┌─ DATASET SECTION

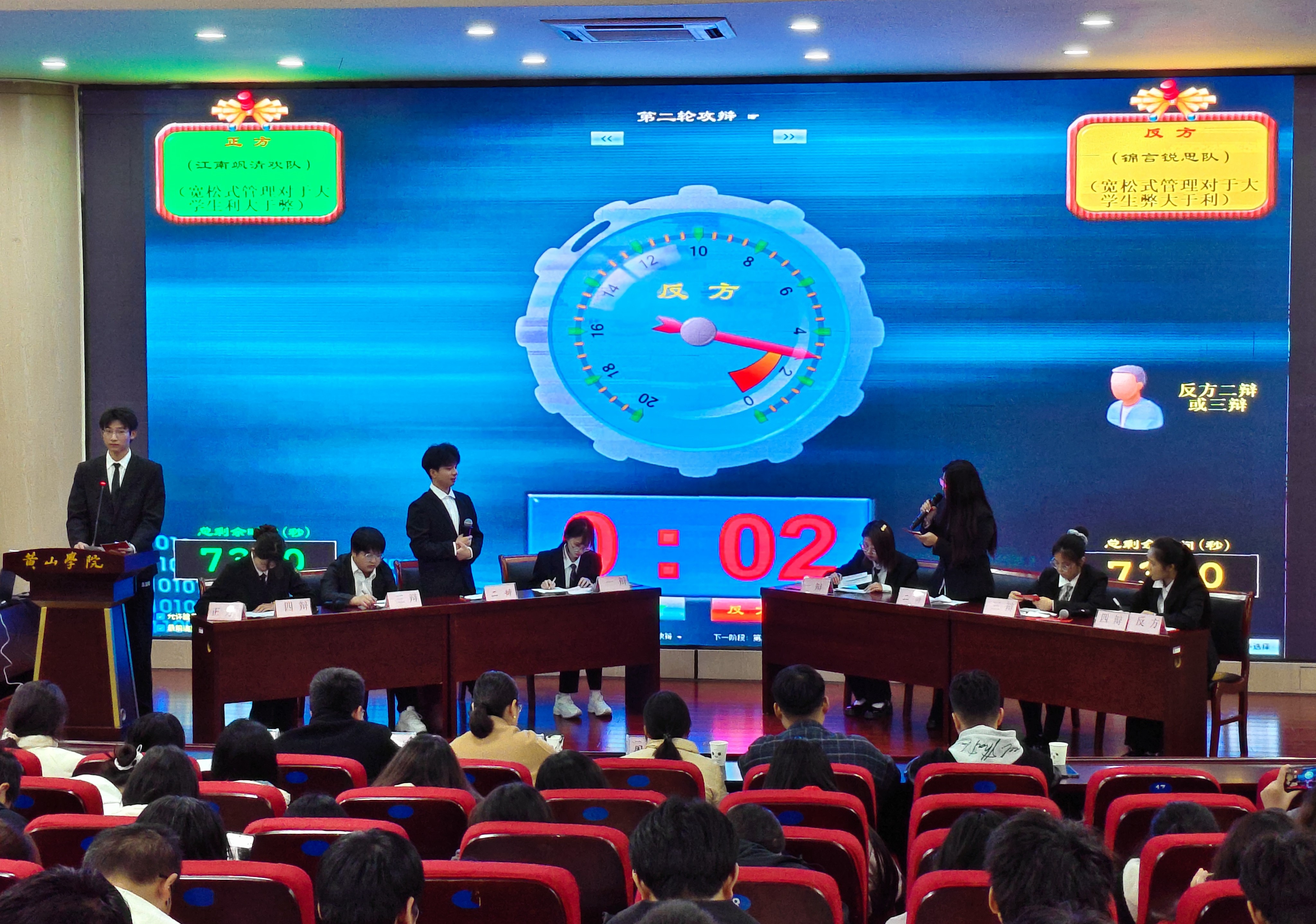 此次比赛历时3周,共有12支队伍参加比赛。经过初赛和复赛的选拔,最终有4支队伍晋级决赛。决赛分两组,4支队伍围绕“人生路上,拿起更难还是放下更难”以及“宽松式管理对大学生是利大于弊还是弊大于利”这两个辩题展开辩论。比赛过程中,双方辩手在立论、攻辩各个环节中思路清晰,引经据典,辩论场面精彩激烈,观众席上的观众也被辩手们的精彩表现所吸引,随着台上辩手的思维跳动,沉浸在视听盛宴中。经过激烈的角逐,江南飒清欢队获得本次比赛的一等奖,锦言锐思队获得二等奖,从容应队获得三等奖,建功筑梦队获得优秀奖,荣获“最佳辩手”称号的是建功筑梦队的三辩程智和江南飒清欢队的一辩张欣。
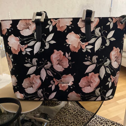 Pieni käsilaukku säädettävällä olkahihnalla. Kukkakuviointi. Vähäisellä käytöllä ollut, vaikkakin itselle mieluinen. Keinonahka hieman alkanut halkeilemaan vetoketjun ympärillä ja saumakohdissa, muuten olisi ihan priimakuntoinen.
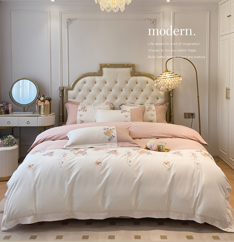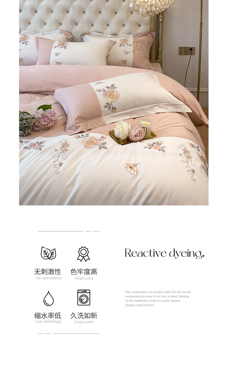 (总)理想家家纺 2025新款纯棉轻奢刺绣四件套--心愿系列场景二,心愿粉,心愿红,心愿黄,心愿蓝
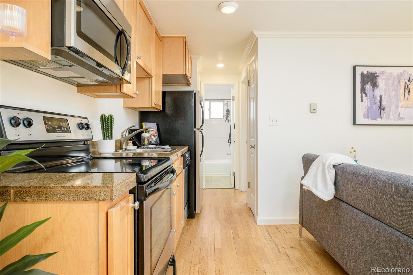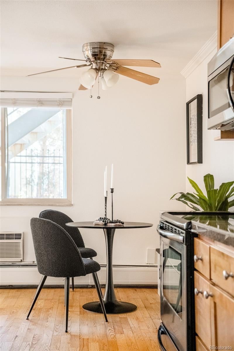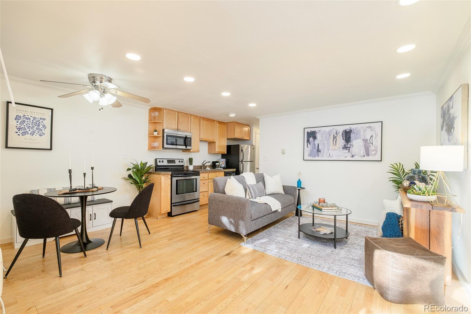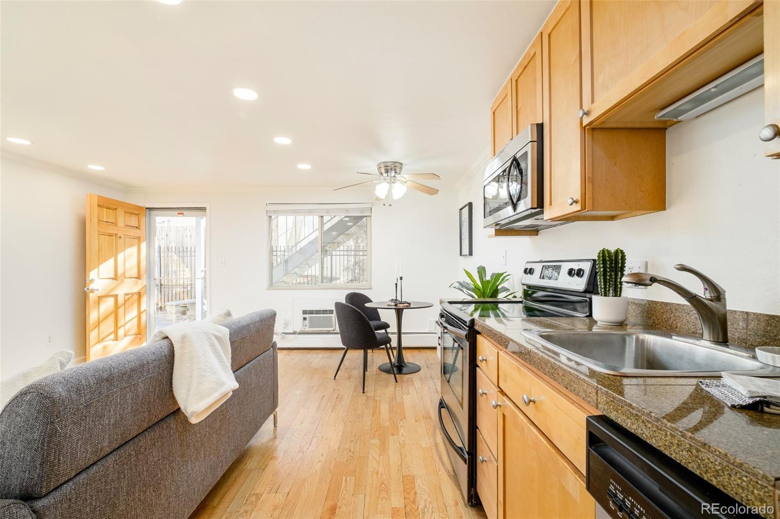 Perfectly positioned in the heart of Congress Park, this charming residence offers thoughtful design in a prime location. Move-in ready and recently refreshed with a fresh coat of paint, this condo offers a highly functional open-concept layout that lives larger than its footprint. Hardwood floors flow through a well-proportioned living room and bedroom, while large windows invite abundant natural light throughout the day. A separate dining area adds flexibility for everyday living or entertaining, complemented by a full bath and ample storage, including an additional dedicated storage room. Set within a smaller, well-maintained complex, residents enjoy access to an outdoor courtyard and the convenience of laundry just a stone’s throw from the unit. An off-street parking space completes the offering. With cafés, restaurants, public transit and outdoor spaces just around the corner on 12th Avenue, this Congress Park condo delivers effortless urban living in a central Denver neighborhood.

└─

◆ TASK
Set the data above down again exactly as given, with no pictures.

◆ RESPONSE BELOW
 此次比赛历时3周,共有12支队伍参加比赛。经过初赛和复赛的选拔,最终有4支队伍晋级决赛。决赛分两组,4支队伍围绕“人生路上,拿起更难还是放下更难”以及“宽松式管理对大学生是利大于弊还是弊大于利”这两个辩题展开辩论。比赛过程中,双方辩手在立论、攻辩各个环节中思路清晰,引经据典,辩论场面精彩激烈,观众席上的观众也被辩手们的精彩表现所吸引,随着台上辩手的思维跳动,沉浸在视听盛宴中。经过激烈的角逐,江南飒清欢队获得本次比赛的一等奖,锦言锐思队获得二等奖,从容应队获得三等奖,建功筑梦队获得优秀奖,荣获“最佳辩手”称号的是建功筑梦队的三辩程智和江南飒清欢队的一辩张欣。
 Pieni käsilaukku säädettävällä olkahihnalla. Kukkakuviointi. Vähäisellä käytöllä ollut, vaikkakin itselle mieluinen. Keinonahka hieman alkanut halkeilemaan vetoketjun ympärillä ja saumakohdissa, muuten olisi ihan priimakuntoinen.
 (总)理想家家纺 2025新款纯棉轻奢刺绣四件套--心愿系列场景二,心愿粉,心愿红,心愿黄,心愿蓝
 Perfectly positioned in the heart of Congress Park, this charming residence offers thoughtful design in a prime location. Move-in ready and recently refreshed with a fresh coat of paint, this condo offers a highly functional open-concept layout that lives larger than its footprint. Hardwood floors flow through a well-proportioned living room and bedroom, while large windows invite abundant natural light throughout the day. A separate dining area adds flexibility for everyday living or entertaining, complemented by a full bath and ample storage, including an additional dedicated storage room. Set within a smaller, well-maintained complex, residents enjoy access to an outdoor courtyard and the convenience of laundry just a stone’s throw from the unit. An off-street parking space completes the offering. With cafés, restaurants, public transit and outdoor spaces just around the corner on 12th Avenue, this Congress Park condo delivers effortless urban living in a central Denver neighborhood.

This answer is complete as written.